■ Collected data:
--- START ---

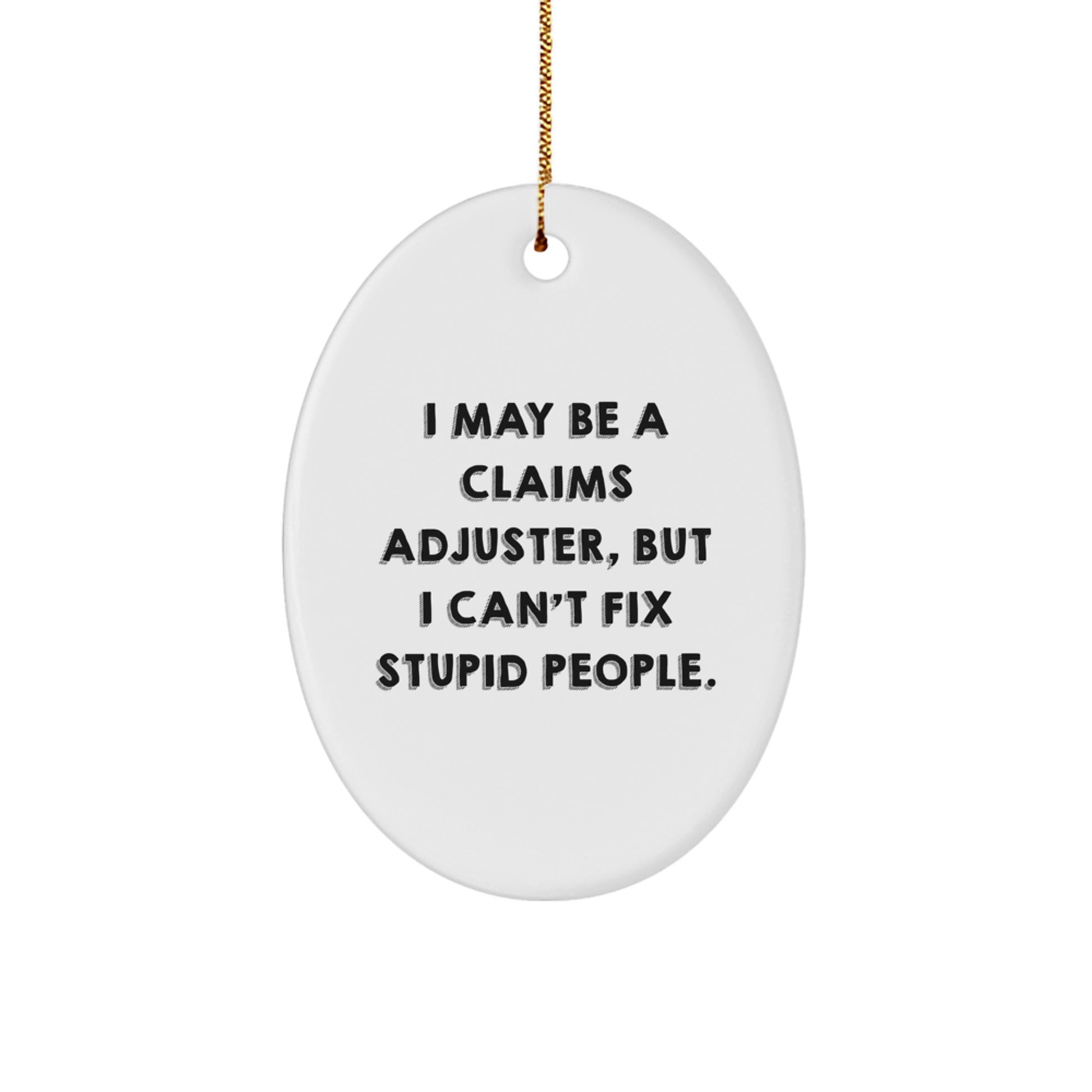 Claims Adjuster Oval Ornament Funny Quote Gifts for Men from Friends, 'I May Be A Claims Adjuster, But I Can't Fix Stupid People.' Christmas Unique Gifts
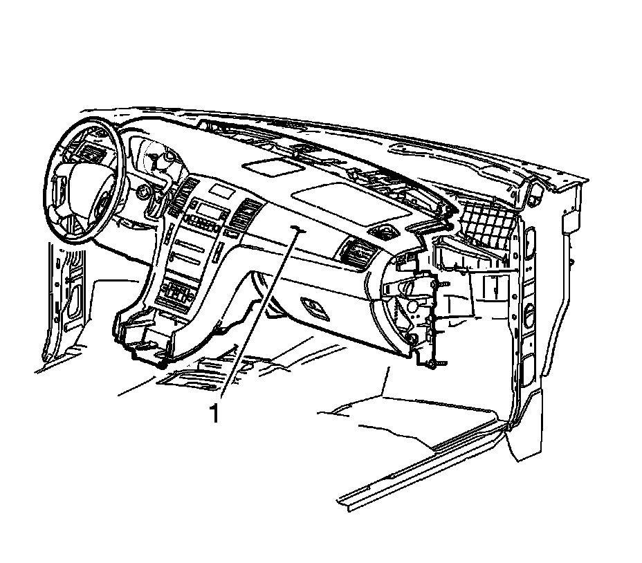 17. With the aid of an assistant pull the instrument panel assembly (1) rearward in the vehicle until the locator pin on each side clears the opening.
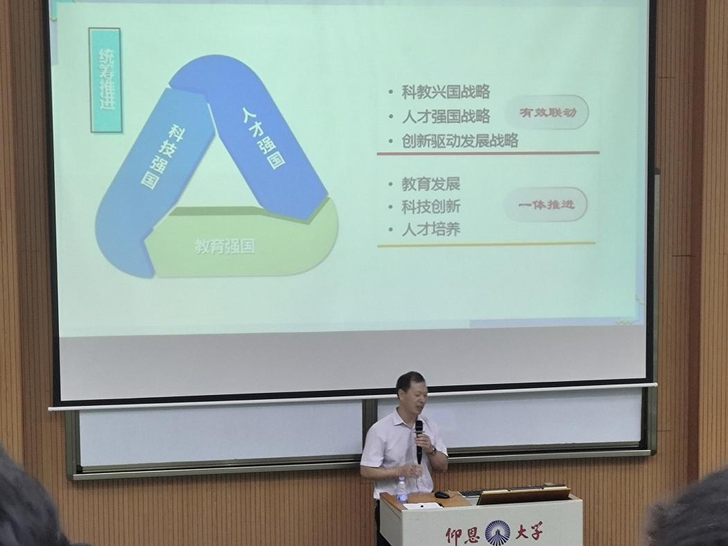为落实立德树人根本任务,强化理想信念教育,深入推进党的二十大精神进课堂、进教材、进头脑,开云kaiyun官网党总支书记曾凤生走上“形势与政策”思政课讲台,分别于9月12日晚上、9月13日晚上,于乐之讲堂101和惟勤讲堂101,以“加强建设教育强国、科技强国、人才强国”为题,为开云官网2023级新生讲授了一场别开生面的思政课,发挥了思政“小课堂”的育人大作用。
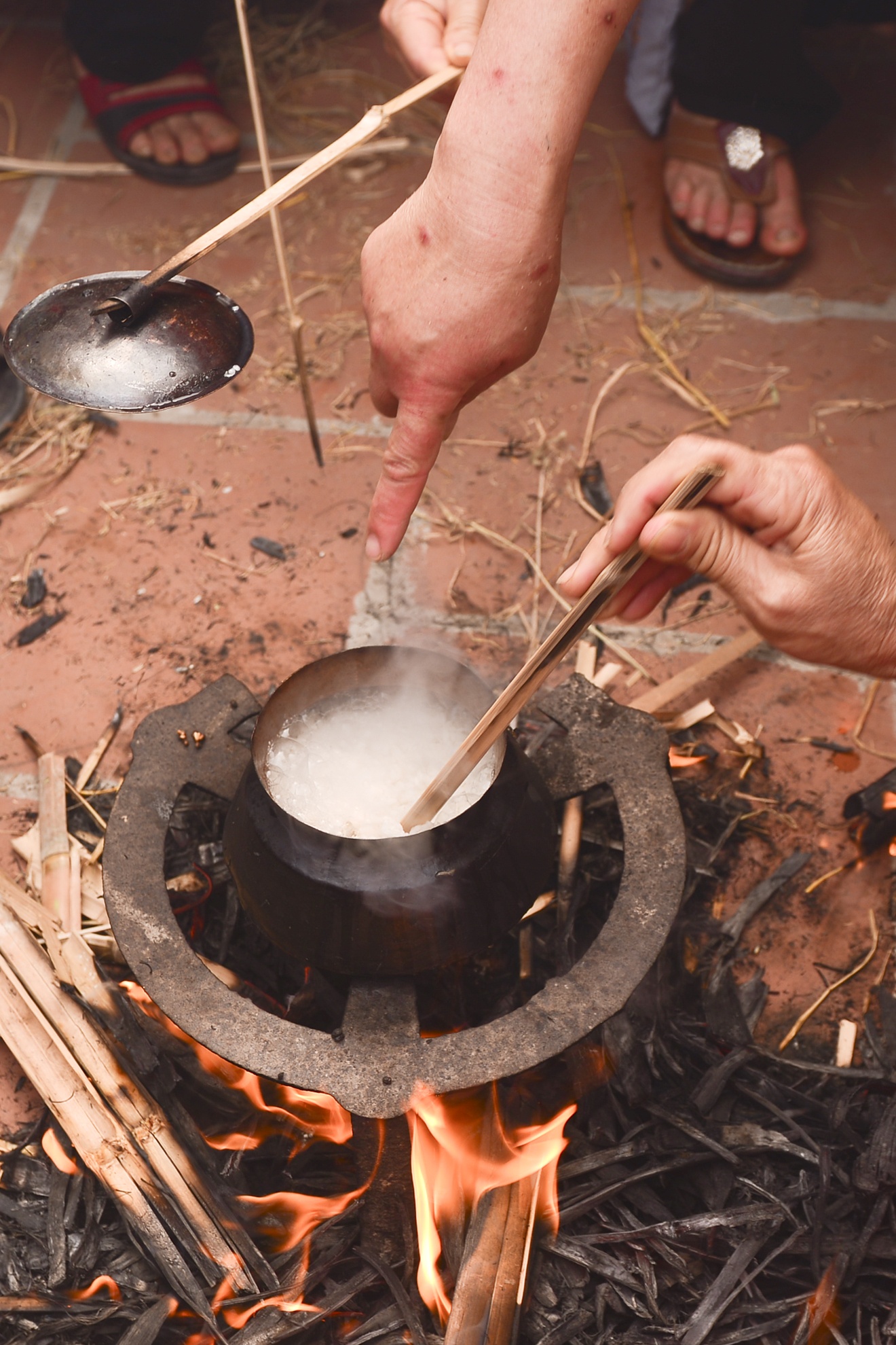 | Để kéo dài thời gian cho cơm chín, người phụ trách nồi cơm đốt vun nhiều đống tro rơm. |
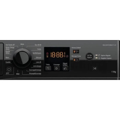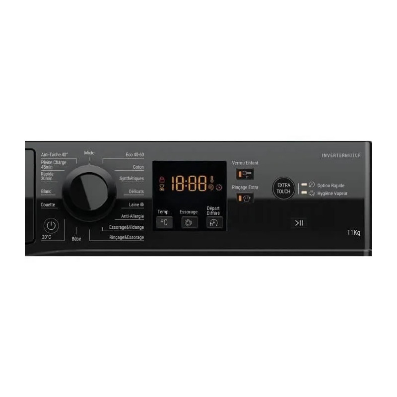 Programmes : mixte, éco 40-60, coton, synthétiques, délicats, laine, anti-allergie, bébé, 20°C, couette, blanc, rapide 30 min, pleine charge 45min, anti-tâche 40°, essorage et vidange, rinçage et essorage Options et touches : on/off, start/pause, hygiène vapeur, départ différé (24h), rinçage extra, rapide, vitesse d'essorage, réglage température |
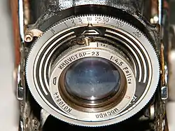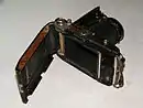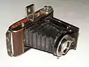 - Корпус складной, после откидывания передней панели автоматически выдвигался мех с оправой объектива и центральным затвором.
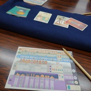 ブースタードラフトのゲームです。右隣りのプレイヤーから回ってきたデッキから1枚選んで自分の前に配置してデッキの残りを左に回します。食材とレシピの2種のデッキを交互に回すというのが新しいところです。これらを市松模様に配置して、レシピカードの色々な課題をなるべく多く達成していくのです。プレイヤーインターアクションはほとんどなく、自分の最高点を目指すので精一杯。でも2位になれました。
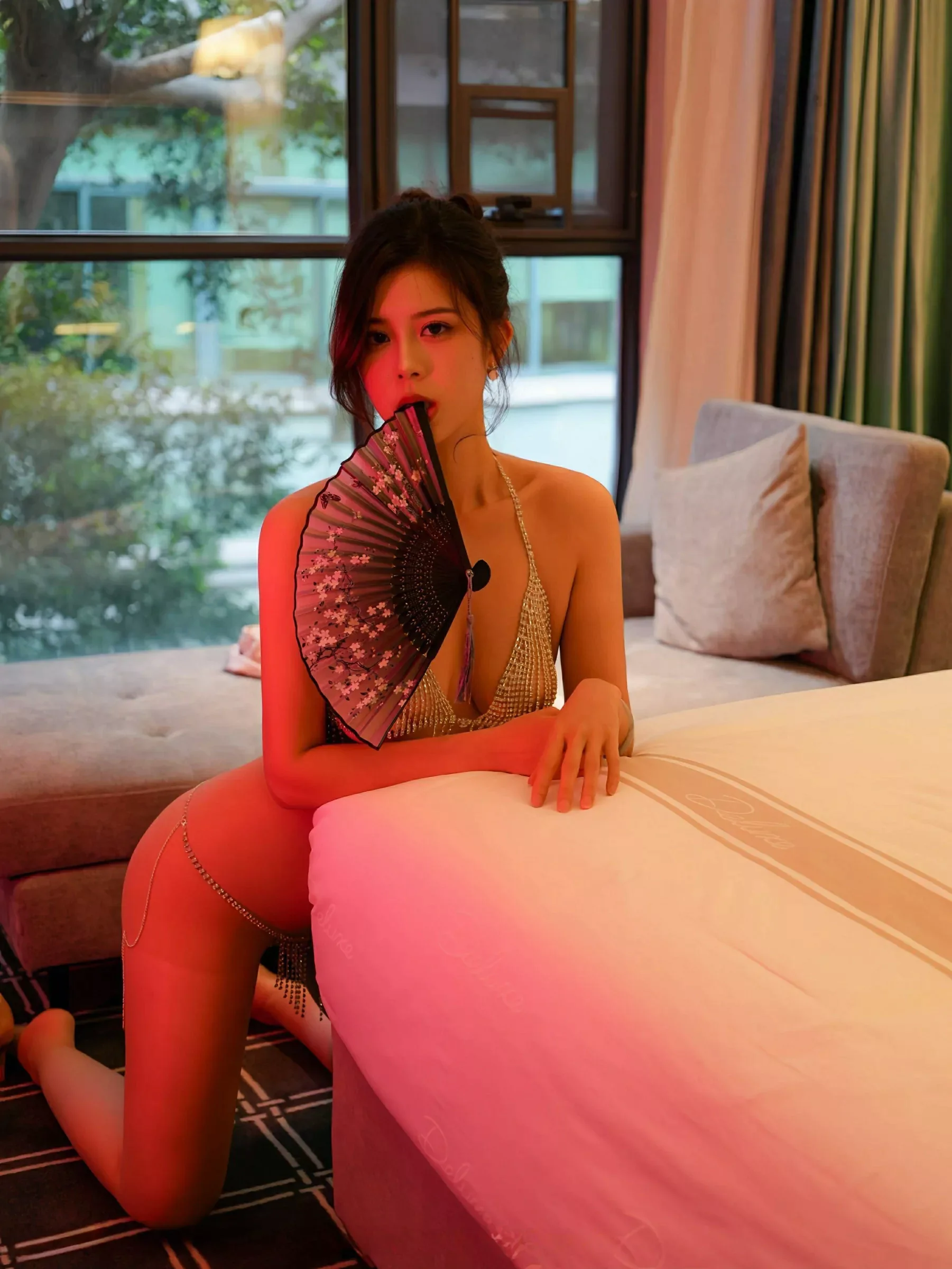 在第三组"暮光女神"创作中,灯光师布置了六盏2400W钨丝灯营造暖黄昏晕。玫瑰我爱你身着酒红色丝绒斗篷侧卧在复古雕花榻上,发型师用电卷棒做出慵懒的睡不醒头,每缕发丝都喷洒了含云母粉的定型喷雾。当夕阳坠入地平线那刻,助理同时点燃了薰衣草干枝与橙片,烟雾在背景中形成层次丰富的香氛帷幕。摄影师抓住模特回眸的刹那,85mm镜头完美捕捉到眼中倒映的晚霞,后期通过频率分离处理保留了肌肤质感的同时,让斗篷的丝绒纹理呈现出天鹅绒般的视觉效果。
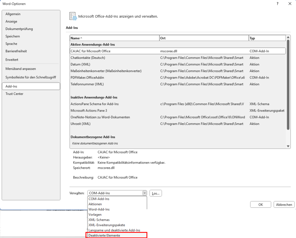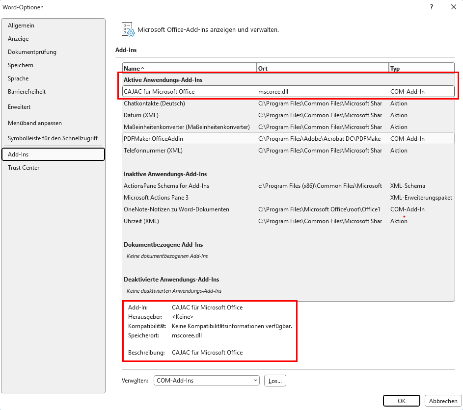 Wahrscheinlich ist die CAJAC Officeschnittstelle nun nicht bei den aktiven Add-Ins aufgelistet, sondern bei den Deaktivierten Add-Ins:
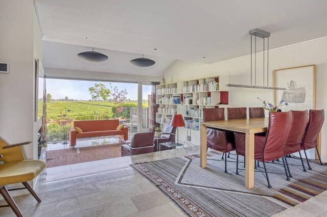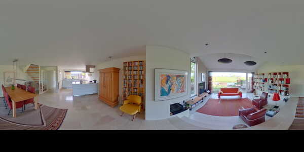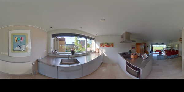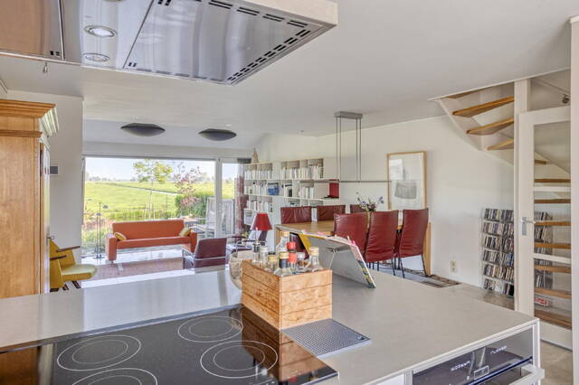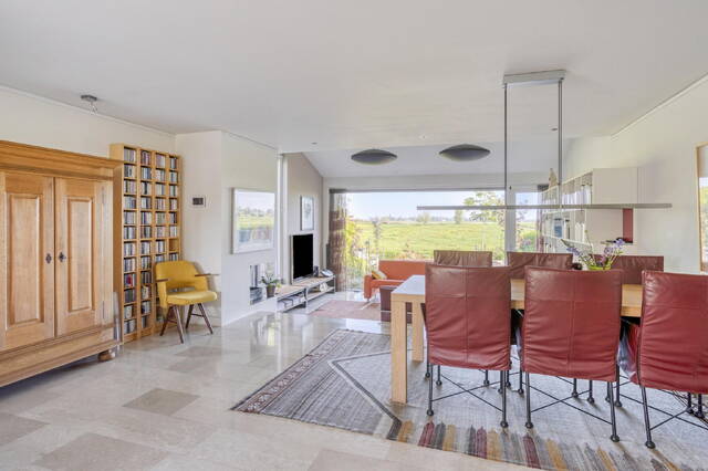 We lopen over de marmeren vloer de woonkamer in. Wat als eerste opvalt is het waanzinnige uitzicht over de polder, zichtbaar vanuit de hele woonkamer en keuken. Het is net een enorm schilderij.
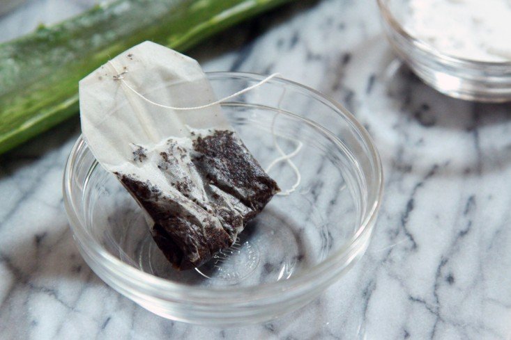 The tannin in tea bags reduces swelling and discoloration. Lie down, preferably in the morning, and leave the cool and damp caffeinated tea bags over your eyes for about 1015 minutes. Keep your eyes closed. You can refrigerate them overnight so they will be ready in the morning.

--- END ---

■ TASK GOAL: Please set down exactly the lines from the first line of the data above through the line with "Wahrscheinlich ist die", both included, leaving out the pictures.

■ SOLUTION:
 Claims Adjuster Oval Ornament Funny Quote Gifts for Men from Friends, 'I May Be A Claims Adjuster, But I Can't Fix Stupid People.' Christmas Unique Gifts
 17. With the aid of an assistant pull the instrument panel assembly (1) rearward in the vehicle until the locator pin on each side clears the opening.
为落实立德树人根本任务,强化理想信念教育,深入推进党的二十大精神进课堂、进教材、进头脑,开云kaiyun官网党总支书记曾凤生走上“形势与政策”思政课讲台,分别于9月12日晚上、9月13日晚上,于乐之讲堂101和惟勤讲堂101,以“加强建设教育强国、科技强国、人才强国”为题,为开云官网2023级新生讲授了一场别开生面的思政课,发挥了思政“小课堂”的育人大作用。
 | Để kéo dài thời gian cho cơm chín, người phụ trách nồi cơm đốt vun nhiều đống tro rơm. |
 Programmes : mixte, éco 40-60, coton, synthétiques, délicats, laine, anti-allergie, bébé, 20°C, couette, blanc, rapide 30 min, pleine charge 45min, anti-tâche 40°, essorage et vidange, rinçage et essorage Options et touches : on/off, start/pause, hygiène vapeur, départ différé (24h), rinçage extra, rapide, vitesse d'essorage, réglage température |
 - Корпус складной, после откидывания передней панели автоматически выдвигался мех с оправой объектива и центральным затвором.
 ブースタードラフトのゲームです。右隣りのプレイヤーから回ってきたデッキから1枚選んで自分の前に配置してデッキの残りを左に回します。食材とレシピの2種のデッキを交互に回すというのが新しいところです。これらを市松模様に配置して、レシピカードの色々な課題をなるべく多く達成していくのです。プレイヤーインターアクションはほとんどなく、自分の最高点を目指すので精一杯。でも2位になれました。
 在第三组"暮光女神"创作中,灯光师布置了六盏2400W钨丝灯营造暖黄昏晕。玫瑰我爱你身着酒红色丝绒斗篷侧卧在复古雕花榻上,发型师用电卷棒做出慵懒的睡不醒头,每缕发丝都喷洒了含云母粉的定型喷雾。当夕阳坠入地平线那刻,助理同时点燃了薰衣草干枝与橙片,烟雾在背景中形成层次丰富的香氛帷幕。摄影师抓住模特回眸的刹那,85mm镜头完美捕捉到眼中倒映的晚霞,后期通过频率分离处理保留了肌肤质感的同时,让斗篷的丝绒纹理呈现出天鹅绒般的视觉效果。
 Wahrscheinlich ist die CAJAC Officeschnittstelle nun nicht bei den aktiven Add-Ins aufgelistet, sondern bei den Deaktivierten Add-Ins:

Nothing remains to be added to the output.